Bass vs. Bosman: Got Goals? The Debate On NHL Scoring

VAVEL writers, Mac Bass and Braden Bosman, go head-to-head again in a debate about the current state of scoring goals in hockey, and whether they should make certain adjustments to improve it.

Mac Bass and Braden Bosman

One of the hottest debates in hockey right now is the state of scoring goals. Should they find a way to increase goal scoring or keep it similar to the current scoring environment? Should the nets be bigger or make the pads smaller? In this week's segment of Bass vs. Bosman, the two writers will be debating the topic on high and low scoring and what's better for the sport of hockey.

Bosman: Nothing compares to a tight low scoring game. The game hanging in the balance, and the win up in the air for anyone who can get the last goal. Having to pull the goalie in an attempt to even the score and force overtime. Those games are the truest form of hockey and you can’t help but love it. The game is fine the way it is and is full of excitement. One way to improve scoring chances would be to call more penalties, but it would slow the game down with too many stops and starts. I like the way the game flows and there are plenty of high intensity moments the way it is now.

Bass: I agree that a tight, low scoring game can be exciting to watch, but they are typically not that exciting unless it is a playoff game with a lot on the line. A perfect example of a low scoring game that wasn't exciting, was the recent Philadelphia Flyers and San Jose Sharks game. It went into overtime at 0-0 and didn’t get exciting until the overtime because of the Sharks power play and then 3-on-3. Those tight games are only fun to watch if there are a lot of scoring chances with great goaltending. Calling more penalties is a bad idea to increase scoring chances, but maybe seeing what no offsides would do for scoring chances would be intriguing. It’s just a thought, but it would be interesting to see what it did to the game in an experimental game.

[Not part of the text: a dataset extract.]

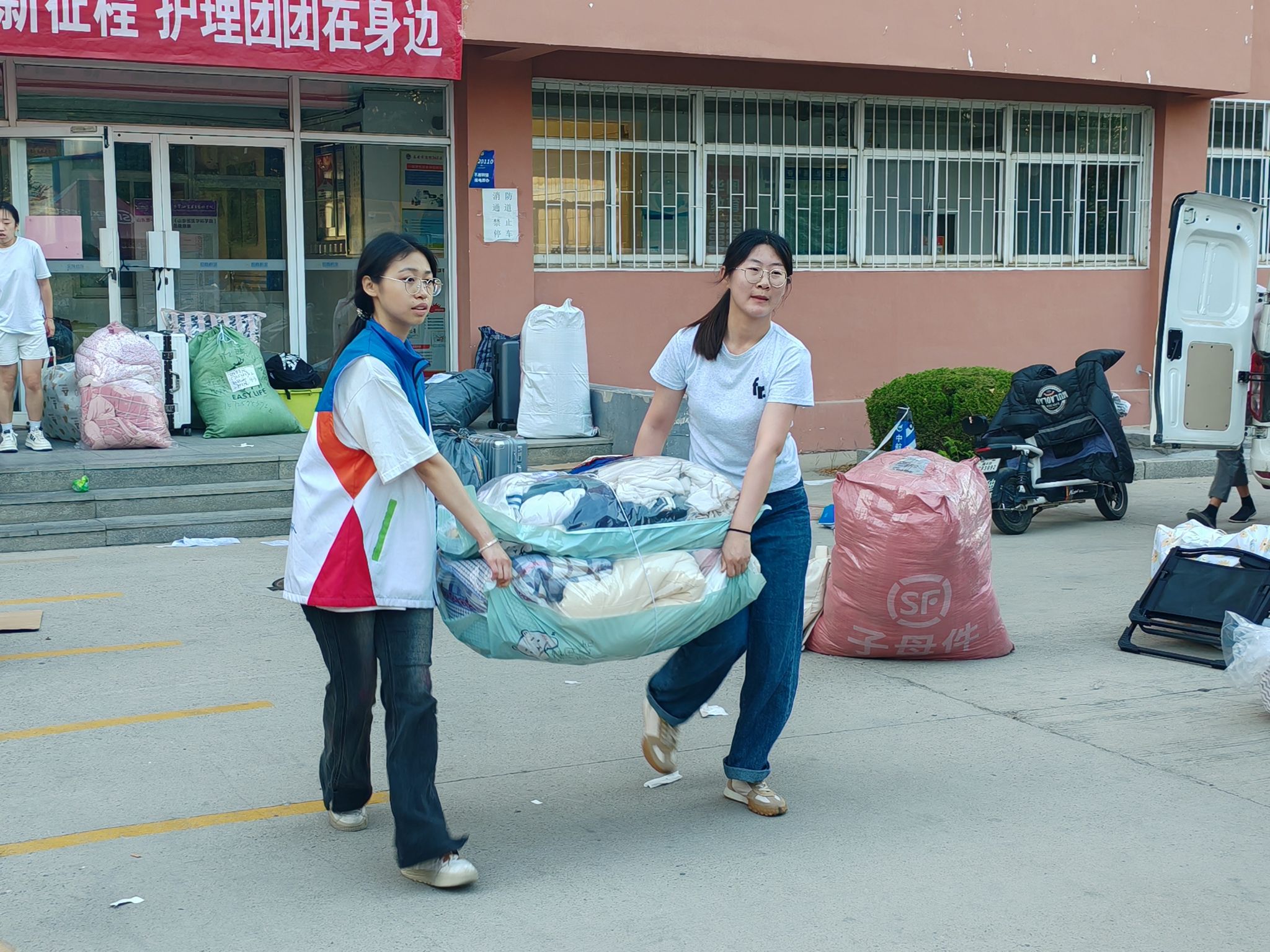 在这里,21级的同学们将大公司园生活暂时存档,挥别过去,迎接实习生活的新篇章。而志愿者们则像一群勤劳的蜜蜂,进进出出,不辞辛劳地忙碌着。他们接过手中的行李,犹如接过了一份“新的传承”。这不仅仅是简单的送别,其中有不舍、有祝福,更意味着传递“最美护理”之薪火,续写护理学子芳华新篇章。
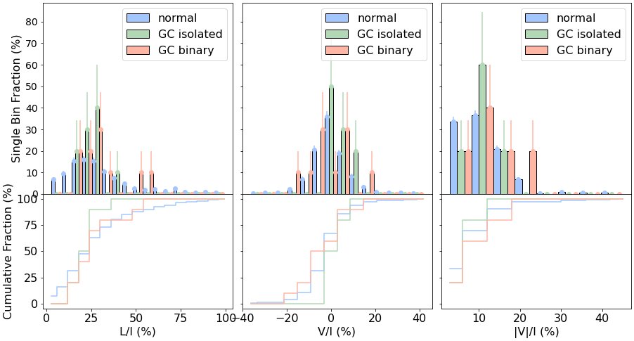 Figure4, histograms and cumulative distribution of polarization ratios for different pulsar categories. Normal pulsar data are from Wang et al. (2023).

Bosman: In the Sharks, Flyers game there were big saves and it was a goalie, those games can bring the goalie fans to the edge of their seats. Another example was the Anaheim Ducks and Florida Panthers game. It ended 3-1 and it took an empty netter to increase the lead. If the NHL can find a way to make more tight, low scoring games, it would benefit. Hockey has never been a high scoring sport. It's not basketball or football, your not going to see double figure scoring consistently and it’s for the betterment of the sport. It’s not soccer either. Hockey has a nice balance and with lots of hits, big saves and highlight reel goals, there's tons of action to watch. Goalies are getting better and better, that’s a huge reason why these games are tight, low scoring affairs. They are more athletic, have better reflexes and are always striving to get better.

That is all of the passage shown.